In a seven-year project that ended in 2013, IIHR built and tested physical models to support the DC Water’s Clean Rivers Project, a nearly $3 billion undertaking by Washington, D.C., to capture and clean wastewater during rainfalls before it reaches rivers through and around our nation’s capital. As part of the research, engineers studied flow rates and trapped air in a vortex-type drop structure that at the time was one of the largest in the world.
A new partnership with New York City focuses on the Newtown Creek wastewater system. The creek, which flows between the densely populated boroughs of Brooklyn and Queens, floods even during light rains, causing wastewater to be released. IIHR engineers will test designs to minimize combined sewer overflows into the creek. They presented their research during a tour associated with the “Discover Your University” series May 19.

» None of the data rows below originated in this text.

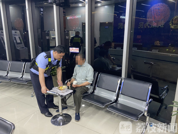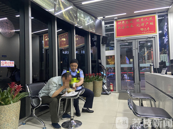 “警察同志,有吃的吗?”6月6日晚,一位略显狼狈的老人推开江东警务站的门,向民警寻求帮助。民警见状立即把老人扶到长椅上坐下,得知老人一天没有进食,又立即安排人买来面条给老人填肚子。担心老人噎着,民警还倒来一杯温水给老人缓缓,嘴里不停地劝说:“慢点吃慢点吃,不够再帮你买。”
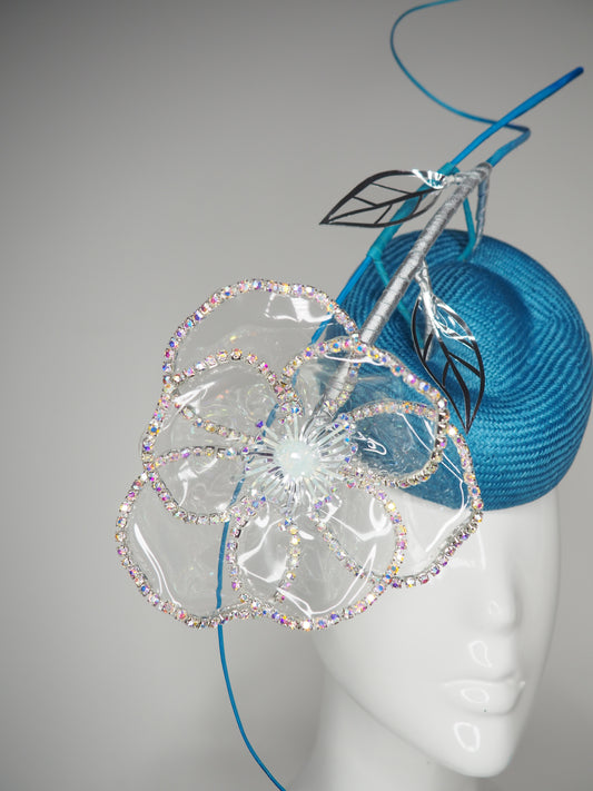 Turqoise Twinkle - Turquoise parisissal pork pie pillbox with iridescent crystoform flower and quill detail.
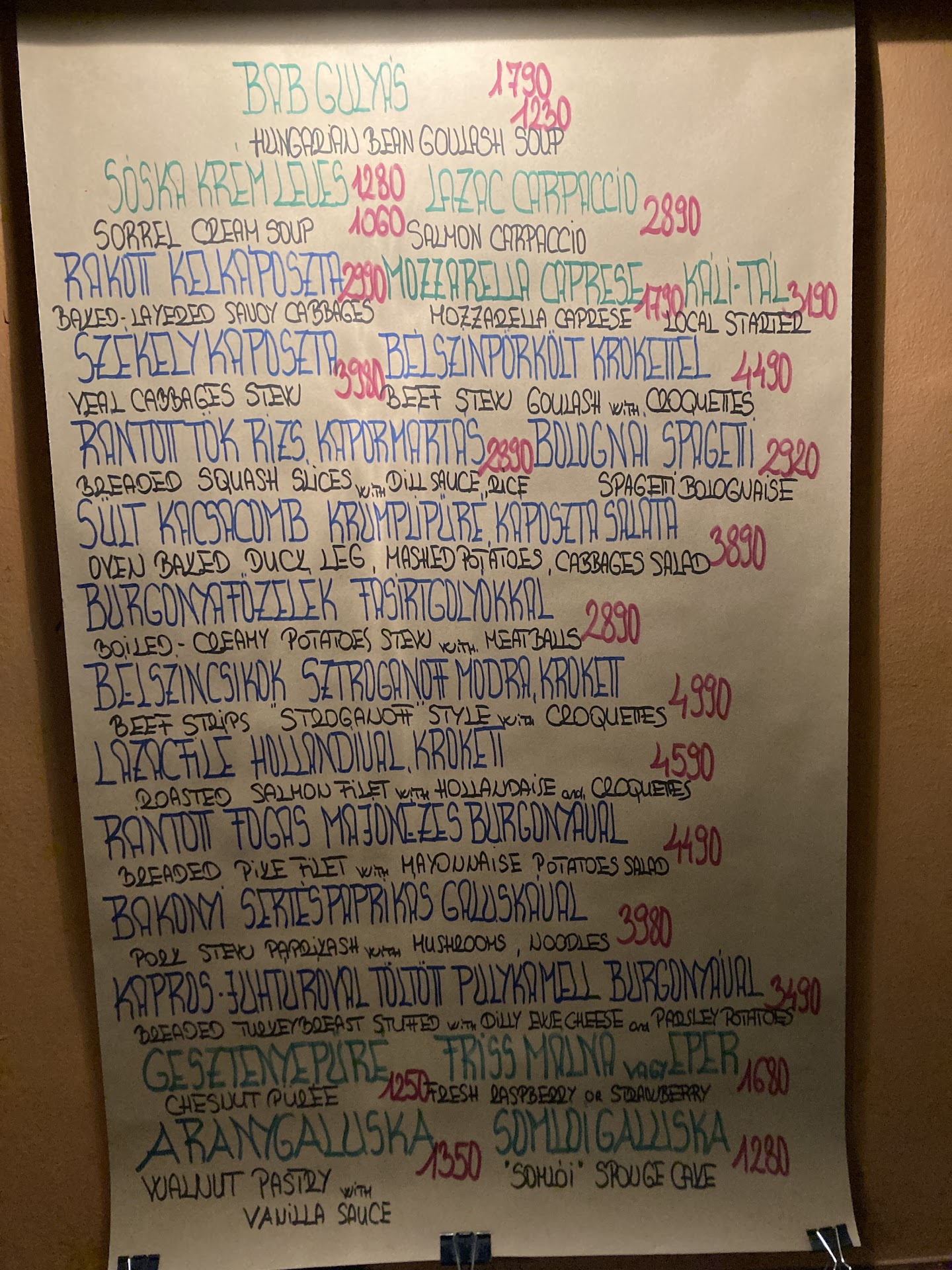 Read moreThis restaurant was a recommendation from one of the locals, stating they served excellent traditional Hungarian dishes. We were so glad we took their advice and had dinner here. The restaurant is located Sas U, which just north of the St. Stephen’s Basilica. The restaurant is a rather small, yet cozy place with only a limited number of dining tables, with a warm and welcoming atmosphere. We did see a few tables outside and what appears to be one small table upstairs that night, but they were not being used. The staff of the restaurant were polite, professional, but not overly warm and friendly. We were quickly waited on and it did not take a great deal of time before our dinners were served. The food was wonderful, served hot and everything we had was delicious, in all, a wonderful dining experience. They do add a service tip to your bill automatically just so people know not to tip twice. Finally, when you do enter the restaurant if you look to the right, you will find a scroll on the wall with the specials of the day in English...

“The Newtown Creek project showcases IIHR’s unique experimental capabilities in supporting some of the world’s largest and most complex stormwater infrastructure projects,” Lyons says.

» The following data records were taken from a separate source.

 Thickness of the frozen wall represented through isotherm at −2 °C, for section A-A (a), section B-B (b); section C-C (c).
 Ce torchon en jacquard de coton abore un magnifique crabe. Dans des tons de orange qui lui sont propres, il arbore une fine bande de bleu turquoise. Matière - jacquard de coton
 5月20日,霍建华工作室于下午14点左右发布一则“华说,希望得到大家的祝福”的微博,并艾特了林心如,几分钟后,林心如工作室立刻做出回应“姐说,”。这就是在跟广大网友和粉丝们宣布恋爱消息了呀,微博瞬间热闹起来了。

(From left) Troy Lyons, Tony Loeser, and Bob Everhart simulate water flowing into a storm drain. The work is part of a partnership with Clark County Regional Flood Control District in Nevada.
Why Clark County enlisted IIHR
In February, a delegation from the District visited IIHR’s Oakdale facility to get a progress report on its contracted stormwater project. IIHR engineers and Clark County officials stood on a roadway model that had been built originally to evaluate stormwater inlets for the Ohio Department of Transportation, which wanted to minimize the buildup of trash and debris at these drains. IIHR drafters took designs and photos sent by Clark County to configure a 50-foot long by 12-foot-wide lane of county highway, which IIHR carpenters, machinists, and welders built to exact specifications.

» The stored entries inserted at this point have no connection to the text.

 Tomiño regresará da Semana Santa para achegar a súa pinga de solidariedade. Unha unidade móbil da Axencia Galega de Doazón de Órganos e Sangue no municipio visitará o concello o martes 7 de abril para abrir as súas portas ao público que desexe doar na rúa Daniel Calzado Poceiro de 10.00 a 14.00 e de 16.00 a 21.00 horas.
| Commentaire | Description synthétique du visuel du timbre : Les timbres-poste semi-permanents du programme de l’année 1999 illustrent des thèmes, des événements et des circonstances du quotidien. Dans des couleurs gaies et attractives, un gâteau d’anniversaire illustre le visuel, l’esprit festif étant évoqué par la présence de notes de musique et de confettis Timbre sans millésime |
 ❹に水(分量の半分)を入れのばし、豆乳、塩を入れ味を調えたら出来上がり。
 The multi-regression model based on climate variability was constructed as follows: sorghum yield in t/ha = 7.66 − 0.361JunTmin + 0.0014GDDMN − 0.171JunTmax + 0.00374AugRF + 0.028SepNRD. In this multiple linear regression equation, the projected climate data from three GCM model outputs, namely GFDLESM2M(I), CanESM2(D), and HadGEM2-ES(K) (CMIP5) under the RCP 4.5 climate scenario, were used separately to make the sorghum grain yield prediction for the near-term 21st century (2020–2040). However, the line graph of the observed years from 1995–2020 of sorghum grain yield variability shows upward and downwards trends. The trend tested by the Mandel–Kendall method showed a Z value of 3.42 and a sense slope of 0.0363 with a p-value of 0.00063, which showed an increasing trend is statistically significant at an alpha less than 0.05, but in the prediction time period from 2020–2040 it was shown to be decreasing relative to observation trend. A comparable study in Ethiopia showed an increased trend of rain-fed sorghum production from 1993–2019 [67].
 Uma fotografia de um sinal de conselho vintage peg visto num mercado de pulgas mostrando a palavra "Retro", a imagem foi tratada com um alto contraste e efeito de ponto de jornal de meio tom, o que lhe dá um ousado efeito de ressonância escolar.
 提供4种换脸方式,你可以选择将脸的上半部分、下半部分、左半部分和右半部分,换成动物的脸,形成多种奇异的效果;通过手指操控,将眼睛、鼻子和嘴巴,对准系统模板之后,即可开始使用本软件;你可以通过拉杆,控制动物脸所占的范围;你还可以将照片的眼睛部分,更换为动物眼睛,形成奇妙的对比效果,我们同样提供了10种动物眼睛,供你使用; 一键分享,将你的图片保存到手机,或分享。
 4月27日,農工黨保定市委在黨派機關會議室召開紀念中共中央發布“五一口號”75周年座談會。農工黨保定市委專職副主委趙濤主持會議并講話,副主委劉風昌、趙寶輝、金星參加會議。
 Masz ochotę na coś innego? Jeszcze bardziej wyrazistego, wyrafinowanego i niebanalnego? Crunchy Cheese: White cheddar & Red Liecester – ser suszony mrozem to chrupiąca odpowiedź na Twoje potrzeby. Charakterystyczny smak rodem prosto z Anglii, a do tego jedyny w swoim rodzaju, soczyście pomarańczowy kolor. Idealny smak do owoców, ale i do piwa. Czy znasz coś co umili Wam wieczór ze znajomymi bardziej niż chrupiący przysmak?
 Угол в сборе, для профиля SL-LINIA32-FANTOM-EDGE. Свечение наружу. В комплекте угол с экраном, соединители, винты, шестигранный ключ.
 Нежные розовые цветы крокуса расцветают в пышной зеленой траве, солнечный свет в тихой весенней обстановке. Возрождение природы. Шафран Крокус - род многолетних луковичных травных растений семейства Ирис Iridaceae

On that custom-built highway lane, IIHR engineers had placed different designs of stormwater grates and examined several scenarios: the size of openings in grates; the angle and slope of grates; and the number and dispersal of grates. They then subjected those grate configurations and locations to changing water flow rates, depths, and velocity — all to maximize the volume flowing into the inlets and emptying into shafts and tunnels, and away from flooding that can harm people and property.
Loeser says the testing revealed that the physics of water movement on the road and through stormwater inlets is quite complex.
“It’s not a uniform, one-dimensional flow,” he says.
Rowley says IIHR’s analysis could lead to optimized inlet, curb, and grate configurations to collect as much water in future roadway design and construction across Clark County.
“When it rains, we can't just stand in the middle of the road and watch how these inlets perform,” Rowley says. “Partnering with the University of Iowa gives us access to the expertise, facilities, and physical modeling capabilities we need.”
It’s the type of research that should yield municipal clients for years to come, as cities wrestle with infrastructure challenges brought by population growth, intensified rains linked to climate change, and the need to fold stormwater runoff into watershed planning.
“Stormwater infrastructure exists all across the U.S.,” Lyons says. “What we're learning here could apply almost anywhere that uses inlets along their curb and gutters in their communities.”